In terms of performance, Greenfin funds invested in equities benefit from long-term potential linked to their theme. But they suffered a decline of around 20% last year against a decline of 13% for the MSCI World index. “Green funds are mainly invested in sustainable growth stocks, especially mid-caps, and these suffered in 2022 in a context of rising interest rates and inflation”, deciphers Frédéric Guignard. Ironically, green products have suffered in particular from their disaffection with oil and gas stocks, whose prices have soared in the context of the war in Ukraine: TotalEnergies has thus gained 31.4% in 2022, while Exxon Mobil soared 80.3%. A good green conscience and the stock market do not always go hand in hand.

A fundamental trend

Greenfin funds are intended to be integrated into an international diversified portfolio, to play for long-term growth. Several factors should indeed support their development. “The climate is a structurally attractive theme, believes Bassel Choughari, manager at Montpensier Finance. Joe Biden’s plan for the climate thus promotes innovation. Investing in a Greenfin fund therefore makes it possible to participate in the energy transition without giving up performance. “. The American law on the reduction of inflation, endowed with 370 billion dollars, provides in particular for support measures for the purchase of electric vehicles or the installation of solar panels.

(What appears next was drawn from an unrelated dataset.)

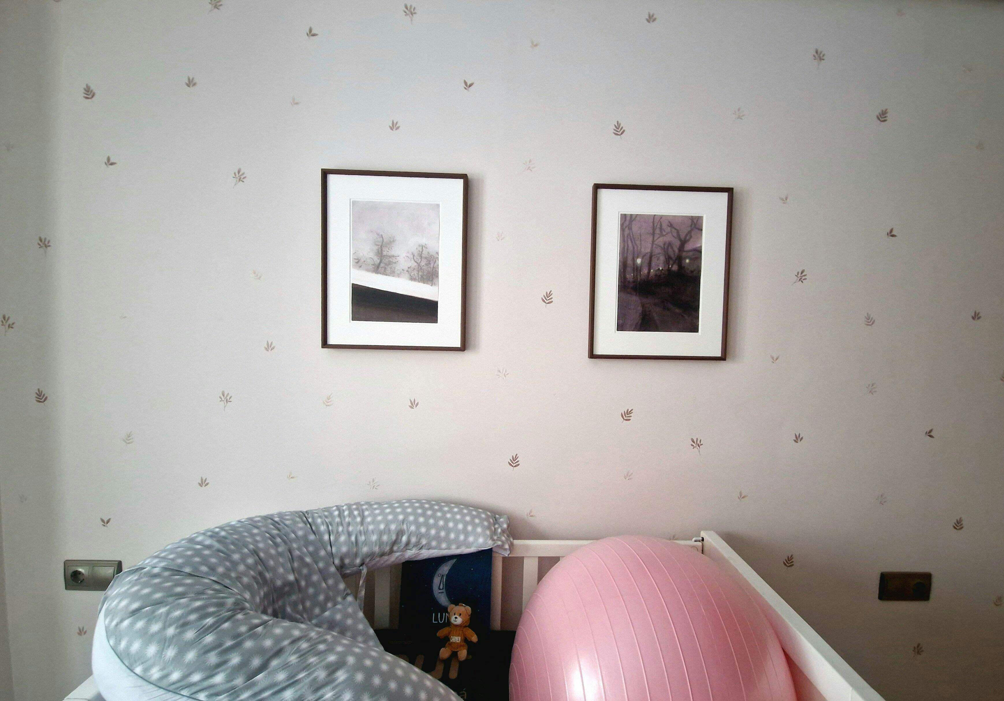 Queríamos un cuarto con paredes de una tonalidad delicada y neutra para nuestro bebé. Pintamos mitad de la pared de color Beige Macadamia y buscamos en varias tiendas un papel pintado para la parte de arriba. Desafortunadamente, no encontramos muchas opciones en las otras tiendas ya que los diseños de los papeles pintados eran bastante grandes y nosotros queríamos obtener un efecto más delicado (aunque es verdad que alguno parecido sí que lo encontramos).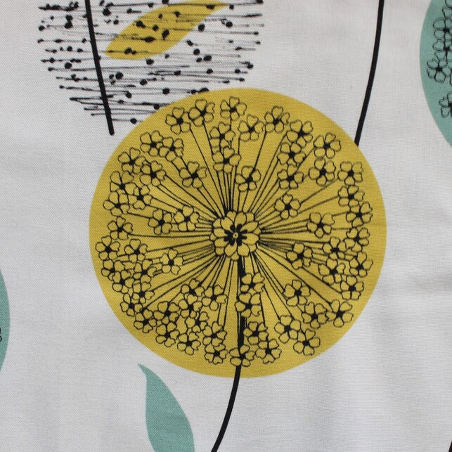 A large laundry bag with an abstract dandelion clock print in yellow, green and grey on a cream background. The top of the laundry bag has a drawstring. Approximately 58cm wide and 61cm long making it quite spacious for your laundry.

The United States are not the only ones to have taken up the subject. Europe unveiled the outlines of its own plan in mid-March, the Net Zero Industry Act. “This program should allow companies from the Old Continent to become competitive again by encouraging investment, reports Hajar Yousfi, manager at Crédit Mutuel Asset Management. In addition, China is also considering setting up equivalent stimuli. The theme is therefore carrier in all geographical areas.” Investors to draw conclusions.